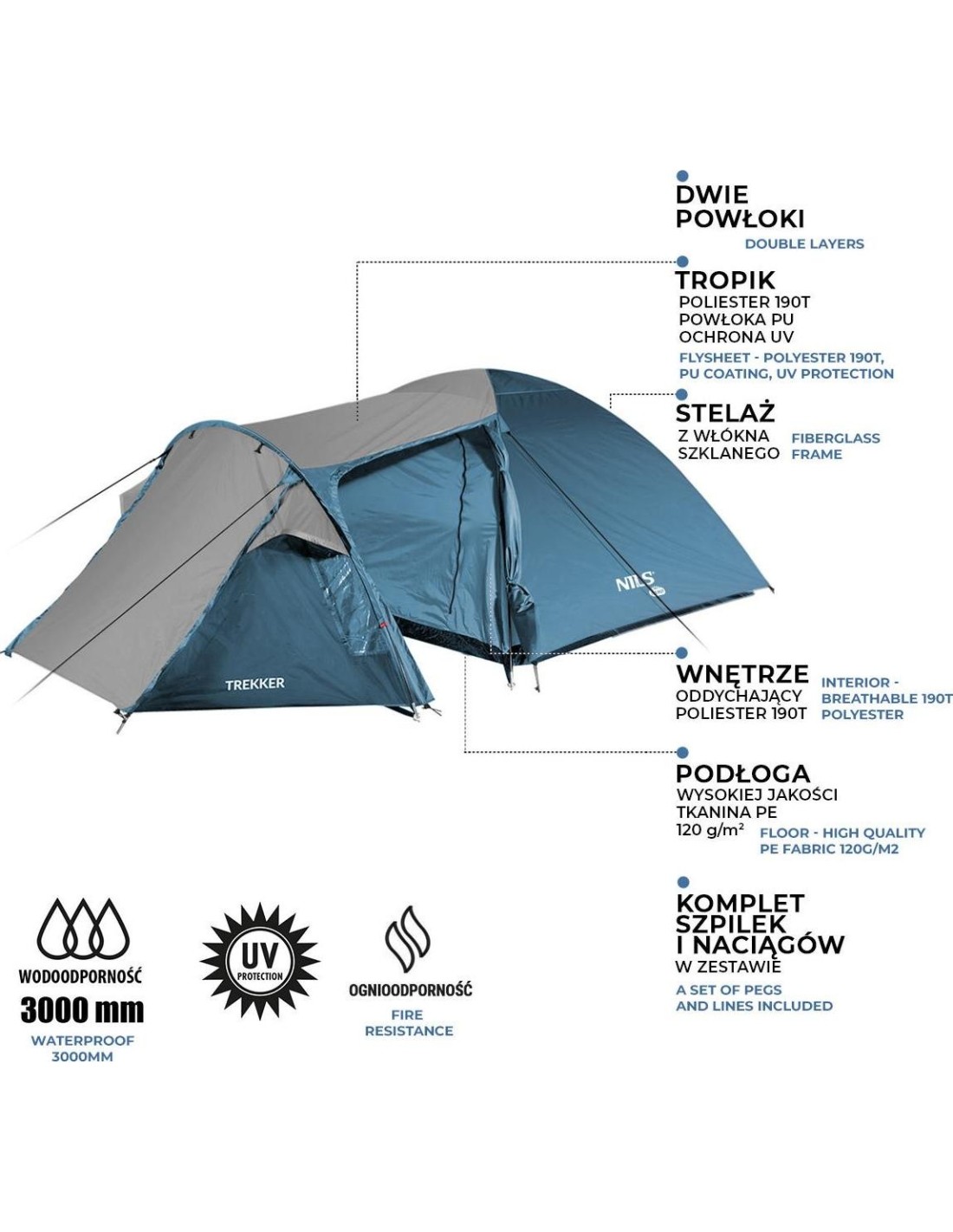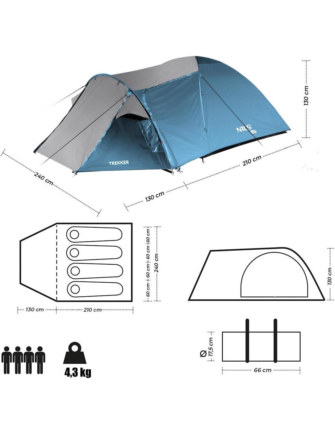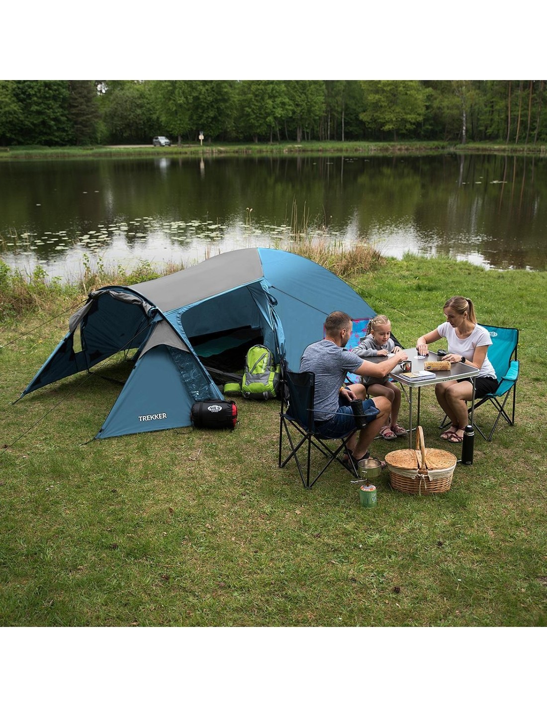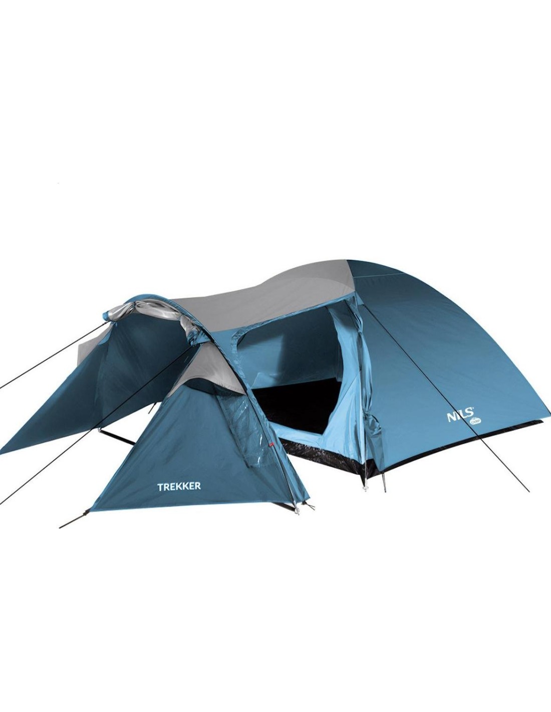 The Nils Camp NC6012 Trekker tent is a great solution for enthusiasts of weekend trips to the mountains or to the lake. Trekker is a double skin tent that offers a suspended bedroom and a large vestibule for rainy evenings or storing camping gear. The tent can accommodate four people, guaranteeing enough space and comfort while sleeping.
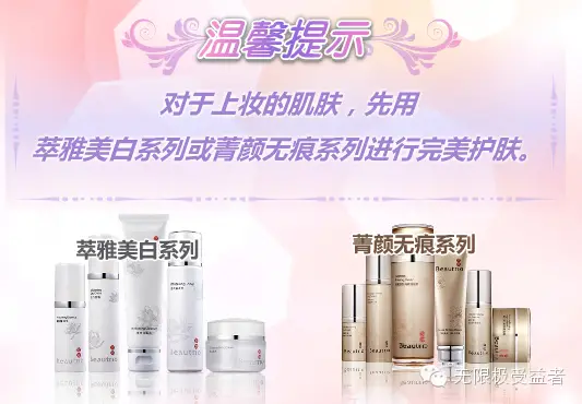 溫馨提示:對(duì)于上妝的肌膚,需要先用萃雅美白系類或菁顏無痕系類進(jìn)行完美護(hù)膚,只有足夠軟化的面部肌膚,才能與粉底完美結(jié)合呈現(xiàn)自然無暇的肌膚。
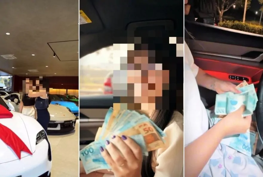 publicações de fotos e vídeos onde mostram a aquisição de carros milionários e
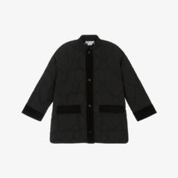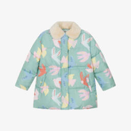 Lovely blue faux fur coat for girls by British designer Stella McCartney Kids, with a colourful pattern of abstract shapes. Super soft with a mid-weight padding and silky smooth lining, the fabrics are made from recycled sources. A fun transeasonal coat to wear, it is easy zip-up with concealed side seam pockets and a sweet collar to finish the look.
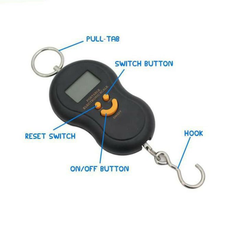 Fitur Timbangan : + Tombol tare : Untuk menimbang berat bersih + Tombol unit : Untuk menentukan satuan ukur + Tombol on/off : Untuk menyalakan atau mematikan layar + Kail atas : Untuk menggantung timbangan + Kail bawah : Untuk menggantung benda yang akan ditimbang
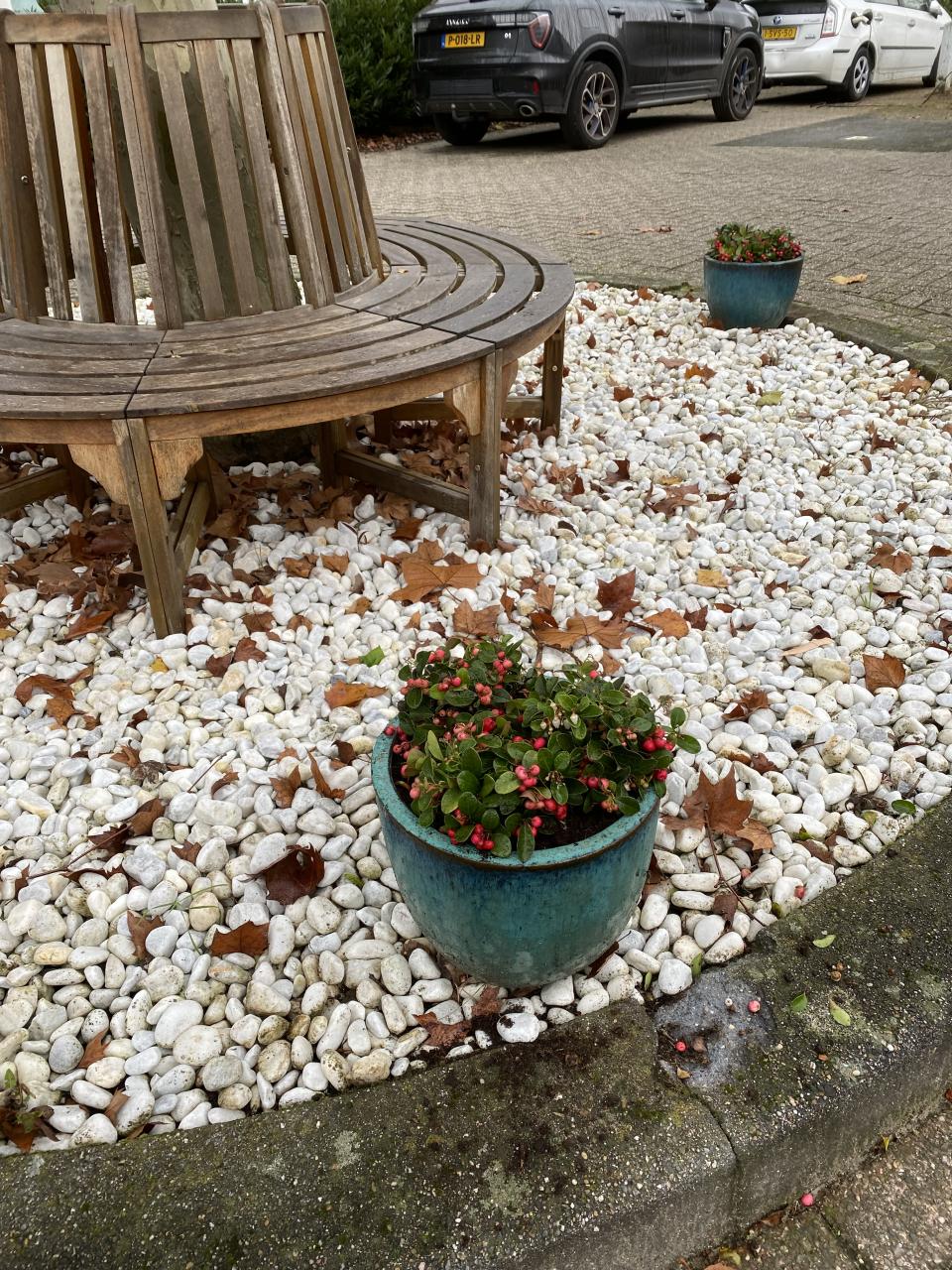 Op 2 oktober 2023 zijn de potten bij het ronde perkje om de kleine plataan voorzien van nieuwe bergthee plantjes.

-*-

* EXERCISE
Retype the data word for word and keep the pictures out of it.

* TASK RESULT
 The Nils Camp NC6012 Trekker tent is a great solution for enthusiasts of weekend trips to the mountains or to the lake. Trekker is a double skin tent that offers a suspended bedroom and a large vestibule for rainy evenings or storing camping gear. The tent can accommodate four people, guaranteeing enough space and comfort while sleeping.
 溫馨提示:對(duì)于上妝的肌膚,需要先用萃雅美白系類或菁顏無痕系類進(jìn)行完美護(hù)膚,只有足夠軟化的面部肌膚,才能與粉底完美結(jié)合呈現(xiàn)自然無暇的肌膚。
 publicações de fotos e vídeos onde mostram a aquisição de carros milionários e
 Lovely blue faux fur coat for girls by British designer Stella McCartney Kids, with a colourful pattern of abstract shapes. Super soft with a mid-weight padding and silky smooth lining, the fabrics are made from recycled sources. A fun transeasonal coat to wear, it is easy zip-up with concealed side seam pockets and a sweet collar to finish the look.
 Fitur Timbangan : + Tombol tare : Untuk menimbang berat bersih + Tombol unit : Untuk menentukan satuan ukur + Tombol on/off : Untuk menyalakan atau mematikan layar + Kail atas : Untuk menggantung timbangan + Kail bawah : Untuk menggantung benda yang akan ditimbang
 Op 2 oktober 2023 zijn de potten bij het ronde perkje om de kleine plataan voorzien van nieuwe bergthee plantjes.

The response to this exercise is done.